_TASK TO CARRY OUT_:
Of the material below, the lines to be retyped are those from the line containing "免稅免運 超薄床頭床 鋼琴鍵真皮床 現代簡約雙人床 家用軟包床 高級臥室雙人床" through the line containing "-These are surface", inclusive; reproduce them exactly.

_RECORD EXTRACTS_:
────────────────────────────────────────

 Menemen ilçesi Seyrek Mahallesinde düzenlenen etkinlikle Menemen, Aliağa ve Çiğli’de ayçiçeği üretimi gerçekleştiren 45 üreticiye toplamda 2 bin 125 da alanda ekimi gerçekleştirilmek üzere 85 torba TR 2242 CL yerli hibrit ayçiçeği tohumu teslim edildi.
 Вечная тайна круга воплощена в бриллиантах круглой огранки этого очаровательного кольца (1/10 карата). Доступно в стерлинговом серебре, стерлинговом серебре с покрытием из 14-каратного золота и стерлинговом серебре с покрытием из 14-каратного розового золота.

────────────────────────────────────────

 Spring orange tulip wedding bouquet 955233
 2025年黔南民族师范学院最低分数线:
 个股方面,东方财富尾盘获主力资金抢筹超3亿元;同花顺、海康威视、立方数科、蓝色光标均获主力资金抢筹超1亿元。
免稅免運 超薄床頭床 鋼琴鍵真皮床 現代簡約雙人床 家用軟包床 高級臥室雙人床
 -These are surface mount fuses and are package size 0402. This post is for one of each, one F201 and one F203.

────────────────────────────────────────

_YOUR RESPONSE_:
免稅免運 超薄床頭床 鋼琴鍵真皮床 現代簡約雙人床 家用軟包床 高級臥室雙人床
 -These are surface mount fuses and are package size 0402. This post is for one of each, one F201 and one F203.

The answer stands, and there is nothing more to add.